The root cause is, when setting seed device flags for both devices,
a btrfs device scan is triggered, that scan is delayed and can happen at
any time.
So there is a race window between scanning the second device and
mounting the first device, where the device path can be replaced
halfway:
Mount scratch1 | Scanning scratch2
-----------------------------------+-------------------------------------
btrfs_get_tree_super() |
|- btrfs_scan_one_device() |
| We're mounting "scratch1" |
| |
|- btrfs_fs_devices_inc_holding() |
|- mutex_unlock(&uuid_mutex); |
| | btrfs_scan_one_device()
| | |- device_list_add()
| | |- rcu_assign_pointer()
| | This changes the device->name
| | to "scratch2"
|- sget_fc() |
| This creates a new super block |
|- mutex_lock(&uuid_mutex) |
|- btrfs_fs_devices_dec_holding() |
|- btrfs_open_devices() |
|- btrfs_open_one_device() |
"scratch2" is opened as that |
is recorded in device->name |
Commit bddf57a70781 ("btrfs: delay btrfs_open_devices() until super
block is created") introduced fs_devices holding mechanism to allow
devices to be opened after super block is created.

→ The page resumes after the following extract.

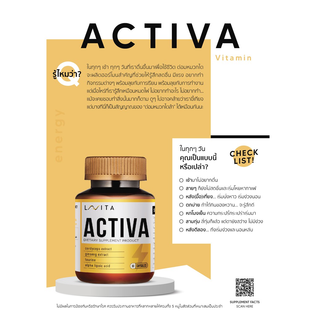 ผลิตภัณฑ์เสริมอาหาร LAVITA ACTIVA (แอคทีว่า) บรรจุ 60 แคปซูล

But that holding period doesn't keep device->name untouched, allowing
a duplicated device to replace the path, thus mounting the incorrect
device.
[FIX]
Also check fs_devices->holding value before replacing the device->name.
If fs_devices->holding is not zero, meaning someone is trying to mount
the fs, then do not allow device->name to be updated.

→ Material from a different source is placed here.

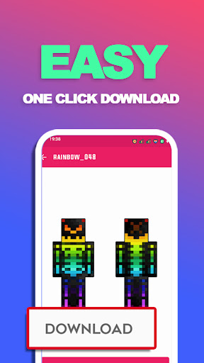 Rainbow Skinpack per Minecraft PE è molto facile da usare.Basta fare clic sul pulsante per iniziare a giocare con la tua pelle preferita o scaricandola per prima.Facile da usare Basta fare clic sul pulsante "Scarica"

Although this situation is rare, require certain race window and
two devices with duplicated fsid/dev uuid (which is already very cursed),
still output a warning message so that end users can be informed about
such cursed situation.
Fixes: bddf57a70781 ("btrfs: delay btrfs_open_devices() until super block is created")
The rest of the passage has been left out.